▶ _The problem_:
Write out again only the lines that run from the start of the entries to the line containing "Чоботи зимово-осінні Aigle", both included.
⟨
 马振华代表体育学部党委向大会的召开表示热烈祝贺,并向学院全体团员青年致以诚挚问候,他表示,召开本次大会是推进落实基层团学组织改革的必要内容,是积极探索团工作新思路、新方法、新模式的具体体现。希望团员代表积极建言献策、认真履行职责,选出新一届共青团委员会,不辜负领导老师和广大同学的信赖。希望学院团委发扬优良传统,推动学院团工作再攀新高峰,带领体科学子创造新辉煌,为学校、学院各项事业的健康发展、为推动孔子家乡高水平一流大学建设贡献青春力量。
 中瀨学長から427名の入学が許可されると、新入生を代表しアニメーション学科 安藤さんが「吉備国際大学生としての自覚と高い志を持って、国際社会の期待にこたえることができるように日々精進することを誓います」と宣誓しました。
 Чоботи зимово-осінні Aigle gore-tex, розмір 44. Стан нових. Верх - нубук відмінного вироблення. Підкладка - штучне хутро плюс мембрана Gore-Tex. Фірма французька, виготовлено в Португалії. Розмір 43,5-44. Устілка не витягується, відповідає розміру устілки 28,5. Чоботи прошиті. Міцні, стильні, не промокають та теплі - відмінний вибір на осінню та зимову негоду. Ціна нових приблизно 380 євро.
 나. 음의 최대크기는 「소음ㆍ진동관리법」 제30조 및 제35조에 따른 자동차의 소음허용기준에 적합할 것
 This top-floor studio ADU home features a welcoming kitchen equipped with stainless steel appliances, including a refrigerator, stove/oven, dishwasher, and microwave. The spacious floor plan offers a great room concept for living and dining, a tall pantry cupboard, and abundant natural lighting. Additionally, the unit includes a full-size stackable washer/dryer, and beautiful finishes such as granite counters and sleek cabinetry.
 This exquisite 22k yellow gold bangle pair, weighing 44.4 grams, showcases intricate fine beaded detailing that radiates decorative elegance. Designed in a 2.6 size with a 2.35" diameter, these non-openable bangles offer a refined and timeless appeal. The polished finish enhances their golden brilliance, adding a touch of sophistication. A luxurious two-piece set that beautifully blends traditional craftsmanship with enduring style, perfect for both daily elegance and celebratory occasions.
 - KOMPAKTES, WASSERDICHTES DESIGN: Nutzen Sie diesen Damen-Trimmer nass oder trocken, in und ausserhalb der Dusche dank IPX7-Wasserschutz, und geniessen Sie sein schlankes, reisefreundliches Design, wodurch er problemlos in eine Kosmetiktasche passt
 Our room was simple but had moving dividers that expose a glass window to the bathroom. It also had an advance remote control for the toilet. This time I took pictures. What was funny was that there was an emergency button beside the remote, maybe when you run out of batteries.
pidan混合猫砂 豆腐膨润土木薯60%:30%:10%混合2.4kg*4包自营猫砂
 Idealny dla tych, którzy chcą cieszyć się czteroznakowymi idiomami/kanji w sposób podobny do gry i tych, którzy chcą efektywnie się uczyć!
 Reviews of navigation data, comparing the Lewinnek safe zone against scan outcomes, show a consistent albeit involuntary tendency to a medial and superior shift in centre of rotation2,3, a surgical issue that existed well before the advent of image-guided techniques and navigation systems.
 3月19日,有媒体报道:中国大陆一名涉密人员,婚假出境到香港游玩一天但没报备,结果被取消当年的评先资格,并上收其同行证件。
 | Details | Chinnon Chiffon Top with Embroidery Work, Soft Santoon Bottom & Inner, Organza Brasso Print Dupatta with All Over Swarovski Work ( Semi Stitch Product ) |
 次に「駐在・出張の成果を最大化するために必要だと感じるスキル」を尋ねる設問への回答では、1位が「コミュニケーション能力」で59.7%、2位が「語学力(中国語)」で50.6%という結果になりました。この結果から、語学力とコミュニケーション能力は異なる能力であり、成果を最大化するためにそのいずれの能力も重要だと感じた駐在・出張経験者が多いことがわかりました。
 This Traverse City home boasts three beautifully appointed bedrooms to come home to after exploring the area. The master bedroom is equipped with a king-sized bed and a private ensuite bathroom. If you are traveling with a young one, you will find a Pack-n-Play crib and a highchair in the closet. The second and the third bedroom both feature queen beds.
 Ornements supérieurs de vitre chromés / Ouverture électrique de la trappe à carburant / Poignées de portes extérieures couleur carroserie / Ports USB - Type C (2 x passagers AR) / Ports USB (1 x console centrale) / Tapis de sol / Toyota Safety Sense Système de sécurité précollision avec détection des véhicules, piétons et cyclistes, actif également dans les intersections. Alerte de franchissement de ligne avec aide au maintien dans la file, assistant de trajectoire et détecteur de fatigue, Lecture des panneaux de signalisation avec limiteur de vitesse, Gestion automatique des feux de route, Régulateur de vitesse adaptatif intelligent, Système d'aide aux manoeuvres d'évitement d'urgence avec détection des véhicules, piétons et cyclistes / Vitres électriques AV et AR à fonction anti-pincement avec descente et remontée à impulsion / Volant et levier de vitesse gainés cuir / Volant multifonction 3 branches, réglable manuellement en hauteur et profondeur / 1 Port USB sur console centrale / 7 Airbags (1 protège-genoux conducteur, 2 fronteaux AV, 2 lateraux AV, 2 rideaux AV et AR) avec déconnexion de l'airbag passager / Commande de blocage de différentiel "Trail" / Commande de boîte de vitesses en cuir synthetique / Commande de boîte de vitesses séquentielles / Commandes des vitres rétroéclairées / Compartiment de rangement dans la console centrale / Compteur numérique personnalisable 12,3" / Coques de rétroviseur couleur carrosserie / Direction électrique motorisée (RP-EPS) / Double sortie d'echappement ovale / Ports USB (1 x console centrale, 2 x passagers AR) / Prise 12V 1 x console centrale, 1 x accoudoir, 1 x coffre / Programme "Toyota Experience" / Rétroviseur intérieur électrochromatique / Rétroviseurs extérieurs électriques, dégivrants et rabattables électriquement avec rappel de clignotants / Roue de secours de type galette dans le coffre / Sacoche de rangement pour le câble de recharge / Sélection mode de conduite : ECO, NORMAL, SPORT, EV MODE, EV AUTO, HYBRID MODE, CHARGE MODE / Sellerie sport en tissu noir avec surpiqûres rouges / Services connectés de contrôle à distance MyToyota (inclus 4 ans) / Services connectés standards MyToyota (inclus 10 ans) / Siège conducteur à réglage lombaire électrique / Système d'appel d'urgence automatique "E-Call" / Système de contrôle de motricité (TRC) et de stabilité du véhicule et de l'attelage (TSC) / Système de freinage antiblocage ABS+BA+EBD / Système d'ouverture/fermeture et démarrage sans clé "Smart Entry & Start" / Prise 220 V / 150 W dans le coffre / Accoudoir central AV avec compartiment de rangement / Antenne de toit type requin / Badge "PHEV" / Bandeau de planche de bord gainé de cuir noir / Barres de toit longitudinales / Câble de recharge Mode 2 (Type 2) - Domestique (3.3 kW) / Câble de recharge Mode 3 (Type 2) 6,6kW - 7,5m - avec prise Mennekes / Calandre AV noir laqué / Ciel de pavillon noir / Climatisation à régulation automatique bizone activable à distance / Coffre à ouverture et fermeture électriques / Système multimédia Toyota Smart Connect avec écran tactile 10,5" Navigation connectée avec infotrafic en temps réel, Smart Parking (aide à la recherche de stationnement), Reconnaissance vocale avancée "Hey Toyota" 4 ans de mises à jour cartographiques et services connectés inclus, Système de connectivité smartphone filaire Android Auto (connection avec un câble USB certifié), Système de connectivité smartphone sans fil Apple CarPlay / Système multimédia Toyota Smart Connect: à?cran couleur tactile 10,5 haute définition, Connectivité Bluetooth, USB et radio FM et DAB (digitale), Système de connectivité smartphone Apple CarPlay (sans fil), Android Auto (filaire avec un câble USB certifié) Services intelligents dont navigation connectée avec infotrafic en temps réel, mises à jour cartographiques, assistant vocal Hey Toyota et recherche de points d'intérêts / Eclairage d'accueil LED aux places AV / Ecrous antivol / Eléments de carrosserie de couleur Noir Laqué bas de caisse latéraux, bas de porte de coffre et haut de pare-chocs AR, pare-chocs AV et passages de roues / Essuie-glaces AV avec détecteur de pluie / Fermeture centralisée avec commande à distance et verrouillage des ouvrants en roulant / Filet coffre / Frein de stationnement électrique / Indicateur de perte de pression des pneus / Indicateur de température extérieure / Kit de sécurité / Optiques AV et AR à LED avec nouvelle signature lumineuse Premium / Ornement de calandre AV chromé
⟩
▶ _Your response_:
 马振华代表体育学部党委向大会的召开表示热烈祝贺,并向学院全体团员青年致以诚挚问候,他表示,召开本次大会是推进落实基层团学组织改革的必要内容,是积极探索团工作新思路、新方法、新模式的具体体现。希望团员代表积极建言献策、认真履行职责,选出新一届共青团委员会,不辜负领导老师和广大同学的信赖。希望学院团委发扬优良传统,推动学院团工作再攀新高峰,带领体科学子创造新辉煌,为学校、学院各项事业的健康发展、为推动孔子家乡高水平一流大学建设贡献青春力量。
 中瀨学長から427名の入学が許可されると、新入生を代表しアニメーション学科 安藤さんが「吉備国際大学生としての自覚と高い志を持って、国際社会の期待にこたえることができるように日々精進することを誓います」と宣誓しました。
 Чоботи зимово-осінні Aigle gore-tex, розмір 44. Стан нових. Верх - нубук відмінного вироблення. Підкладка - штучне хутро плюс мембрана Gore-Tex. Фірма французька, виготовлено в Португалії. Розмір 43,5-44. Устілка не витягується, відповідає розміру устілки 28,5. Чоботи прошиті. Міцні, стильні, не промокають та теплі - відмінний вибір на осінню та зимову негоду. Ціна нових приблизно 380 євро.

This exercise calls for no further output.